Currently the oldest pending is nearly 6h old. Initial investigations have found that runner is not starting when instances come up, possibly because puppet did not run when the golden image was generated. grenade/q/markco are investigating, trees are closed.
Highlights from IRC, Pacific timestamps 12:36 <grenade> trying a mass reboot of running spot instances to see if they start runner on restart 12:49 <grenade> reboot did nothing, amis after march 05 deregistered. now mass terminating instances 12:50 <grenade> new instances from march 05 ami should start shortly 13:02 <grenade> I believe it will take up to an hour for new instances to spawn (from previous experience)
A bad AMI. The Puppet run did not successful run during the b-2008 golden ami creation: https://foreman.pub.build.mozilla.org/reports/18989815 In testing outside of cloudtools the error did not re-occur . That in conjunction with the y-2008 golden ami Puppet run successful completed, we may want to spin up another b-2008 golden ami this afternoon and see what the result is. Grenade, thoughts?
From the watch pending log: 2016-03-10 13:53:39,088 - b-2008 - started 80 spot instances; need 0 2016-03-10 13:57:39,920 - b-2008 - started 56 spot instances; need 23 2016-03-10 13:57:42,182 - b-2008 - started 0 instances; need 23 Pending is down to 33.
Pending is down to 0, trees are reopened. Leaving open for investigation but lowering severity. Could we please make sure that puppet failures block the rest of the golden-ami publishing process.
Created attachment 8729250 [details] [review] https://github.com/mozilla/build-cloud-tools/pull/196 Our puppet agent success/failure check included a parse of the puppet-agent-summary (https://groups.google.com/a/mozilla.com/forum/?hl=en#!topic/releng-puppet-mail/NMXCqTpLM5k) log but not the puppet-agent-run log (https://groups.google.com/a/mozilla.com/forum/?hl=en#!topic/releng-puppet-mail/mOroIr9m-MQ) where today's failures were recorded. This PR addresses this by parsing for a specific failure message in the agent run log as an additional mechanism for detecting a puppet agent run failure.
grenade, is the failure/hang of ec2-golden for the last 35 hours related to the fix here ?
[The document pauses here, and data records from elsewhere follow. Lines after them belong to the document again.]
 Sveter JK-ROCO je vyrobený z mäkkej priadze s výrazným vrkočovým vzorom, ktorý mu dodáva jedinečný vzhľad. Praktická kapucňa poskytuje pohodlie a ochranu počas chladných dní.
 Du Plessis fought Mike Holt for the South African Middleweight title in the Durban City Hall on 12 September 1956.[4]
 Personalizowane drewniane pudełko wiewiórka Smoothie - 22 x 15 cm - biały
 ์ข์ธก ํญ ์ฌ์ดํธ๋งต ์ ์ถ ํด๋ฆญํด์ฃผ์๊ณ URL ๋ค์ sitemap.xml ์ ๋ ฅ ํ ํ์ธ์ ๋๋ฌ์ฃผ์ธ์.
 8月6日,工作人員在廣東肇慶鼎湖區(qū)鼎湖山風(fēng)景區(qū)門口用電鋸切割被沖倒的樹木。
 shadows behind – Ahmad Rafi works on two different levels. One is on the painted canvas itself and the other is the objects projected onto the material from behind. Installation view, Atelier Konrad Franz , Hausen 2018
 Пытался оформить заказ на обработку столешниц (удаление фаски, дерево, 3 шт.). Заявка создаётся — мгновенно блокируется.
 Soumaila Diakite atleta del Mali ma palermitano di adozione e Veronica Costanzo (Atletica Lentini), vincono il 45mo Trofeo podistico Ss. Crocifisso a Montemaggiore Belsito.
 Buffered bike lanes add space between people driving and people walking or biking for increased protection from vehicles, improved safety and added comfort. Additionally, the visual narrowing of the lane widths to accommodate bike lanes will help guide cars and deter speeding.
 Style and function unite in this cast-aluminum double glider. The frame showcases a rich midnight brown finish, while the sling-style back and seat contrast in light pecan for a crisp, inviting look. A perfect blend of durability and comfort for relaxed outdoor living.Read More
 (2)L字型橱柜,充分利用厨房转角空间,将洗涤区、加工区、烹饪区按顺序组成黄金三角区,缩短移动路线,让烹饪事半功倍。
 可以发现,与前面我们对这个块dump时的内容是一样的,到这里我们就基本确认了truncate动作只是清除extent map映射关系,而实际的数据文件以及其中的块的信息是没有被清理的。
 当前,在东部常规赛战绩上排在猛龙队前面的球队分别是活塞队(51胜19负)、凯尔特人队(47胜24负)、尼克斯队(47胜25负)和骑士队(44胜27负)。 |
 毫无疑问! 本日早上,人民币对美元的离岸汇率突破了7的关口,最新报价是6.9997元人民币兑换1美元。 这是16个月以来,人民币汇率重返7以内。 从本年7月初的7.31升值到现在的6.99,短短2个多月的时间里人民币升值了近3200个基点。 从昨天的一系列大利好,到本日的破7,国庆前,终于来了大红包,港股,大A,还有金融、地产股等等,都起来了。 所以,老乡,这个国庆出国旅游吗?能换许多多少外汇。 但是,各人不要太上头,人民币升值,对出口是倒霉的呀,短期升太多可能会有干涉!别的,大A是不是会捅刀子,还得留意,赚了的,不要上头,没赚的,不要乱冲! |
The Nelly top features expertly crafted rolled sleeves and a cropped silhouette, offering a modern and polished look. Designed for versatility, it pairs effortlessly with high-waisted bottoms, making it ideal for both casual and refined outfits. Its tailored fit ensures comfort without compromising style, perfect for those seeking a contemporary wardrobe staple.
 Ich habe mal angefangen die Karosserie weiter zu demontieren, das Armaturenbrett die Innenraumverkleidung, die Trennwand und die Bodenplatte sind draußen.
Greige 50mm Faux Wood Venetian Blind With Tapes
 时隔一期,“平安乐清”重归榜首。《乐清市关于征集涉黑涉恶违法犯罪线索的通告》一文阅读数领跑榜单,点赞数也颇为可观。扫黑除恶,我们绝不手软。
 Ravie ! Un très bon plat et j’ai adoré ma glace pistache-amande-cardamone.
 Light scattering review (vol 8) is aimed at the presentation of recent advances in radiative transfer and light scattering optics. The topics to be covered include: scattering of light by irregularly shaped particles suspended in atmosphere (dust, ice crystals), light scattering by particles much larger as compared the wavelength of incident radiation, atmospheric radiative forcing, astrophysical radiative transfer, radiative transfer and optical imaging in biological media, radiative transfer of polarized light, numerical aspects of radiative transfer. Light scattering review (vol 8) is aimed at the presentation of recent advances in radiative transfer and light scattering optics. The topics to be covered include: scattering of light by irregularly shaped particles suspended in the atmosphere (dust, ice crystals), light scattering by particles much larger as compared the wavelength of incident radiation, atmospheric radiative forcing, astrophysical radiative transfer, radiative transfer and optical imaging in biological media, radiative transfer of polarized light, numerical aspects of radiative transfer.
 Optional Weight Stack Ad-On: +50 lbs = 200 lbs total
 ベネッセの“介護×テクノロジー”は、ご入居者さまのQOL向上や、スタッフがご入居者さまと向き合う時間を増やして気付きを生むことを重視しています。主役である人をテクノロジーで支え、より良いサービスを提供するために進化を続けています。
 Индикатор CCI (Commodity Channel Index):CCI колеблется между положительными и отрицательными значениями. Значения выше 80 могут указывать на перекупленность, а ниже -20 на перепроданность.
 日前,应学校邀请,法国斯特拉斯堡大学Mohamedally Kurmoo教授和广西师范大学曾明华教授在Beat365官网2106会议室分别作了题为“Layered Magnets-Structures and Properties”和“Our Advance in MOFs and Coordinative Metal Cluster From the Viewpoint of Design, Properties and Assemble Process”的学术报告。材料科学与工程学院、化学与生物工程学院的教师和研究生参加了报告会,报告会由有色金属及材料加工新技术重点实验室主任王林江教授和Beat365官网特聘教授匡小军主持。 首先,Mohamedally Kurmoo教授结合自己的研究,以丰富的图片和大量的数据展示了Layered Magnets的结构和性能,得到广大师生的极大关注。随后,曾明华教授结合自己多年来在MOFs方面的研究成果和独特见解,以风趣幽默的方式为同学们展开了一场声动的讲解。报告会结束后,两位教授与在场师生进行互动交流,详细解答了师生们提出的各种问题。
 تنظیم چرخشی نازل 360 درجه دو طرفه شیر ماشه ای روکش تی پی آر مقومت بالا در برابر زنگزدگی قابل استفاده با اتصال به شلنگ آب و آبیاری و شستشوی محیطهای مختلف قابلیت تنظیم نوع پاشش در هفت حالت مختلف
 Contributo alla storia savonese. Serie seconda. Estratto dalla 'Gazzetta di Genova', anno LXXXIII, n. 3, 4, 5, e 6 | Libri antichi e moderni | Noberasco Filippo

nthomas, Yes! It's actually the prescribed behaviour. If the userdata puppet cert or agent jobs fail to finish successfully, we prevent the instance from shutting down, and loop in ever-increasing timespans while we rely on the nagios alerts to get someone to intervene. Occasionally the fault has even rectified itself without intervention. The fix here was to recognise a type of failure we weren't checking for before and include it as a reason to loop.